Yep, them's the ones.
There's a reason I love those old blues numbers done in the way they were ... it takes me back.
It takes me back to 1965 when I was a member of the Arbor Youth club situated in a the pretty little village of Pyrford in Surrey.
http://www.pyrford.com/history/pyrford.html
Just a short while before this we, the youth in the locality, had mounted a campaign to have some sort of youth club in the area.
The council told us that if we could raise a certain sum of money, several thousand, they would match it and find a place for and build a club.
In a little over a year we did it, and they built us a club, where Tegg's Lane meets the Coldharbour Road. Now called the Arbor Centre.
The club entertainments team were very much 'into the scene' happening at the time.
In early 1965 they booked John Mayall's Bluesbreakers and it just happened that Eric Clapton and John McVie were part of the line up.
http://www.whereseric.com/eric-clapton-tour/15/05/1965
I remember helping the roadies get John's Hammond onto the stage.
The other vivid memory is Eric playing the most amazing riffs whilst watching two rather beautiful young girls dancing around their handbags (as they did in those days).
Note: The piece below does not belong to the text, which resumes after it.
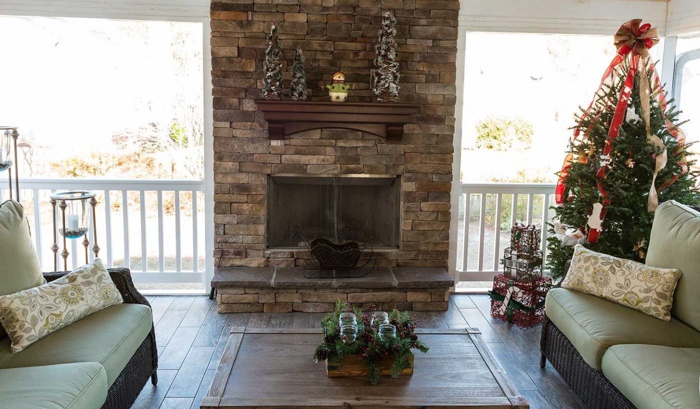 Should you wish to spend longer hours outdoors after the sun sets, we recommend the addition of a custom outdoor fireplace on your screened porch. For those wishing to use their screened porch well into the cooler months, electric ceiling-mounted heaters are a terrific amenity option.

Eric was born and brought up in the next door village, Ripley, and could be seen practising out of doors from time to time as a lad.
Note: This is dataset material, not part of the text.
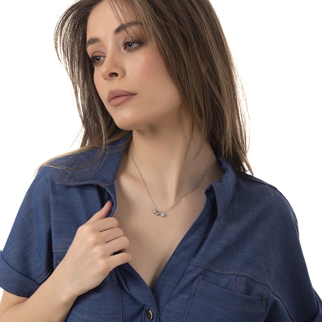 Oxzen γυναικείο ατσάλινο κολιέ με λευκά ζιργκόν

We never did manage to get 'the Stones' who were regulars at the hotel on Eel Pie Island not far from Twickenham, where my daughter now lives.
They were outside our league.
The hotel was well known as part of the early drugs scene at the time, as well as for other 'activities'.
Every so often I delve into 'a blast from the past'. Early R&B and blues figure heavily there.
Today must be a Jethro Tull day. Perhaps 'Living in the Past'.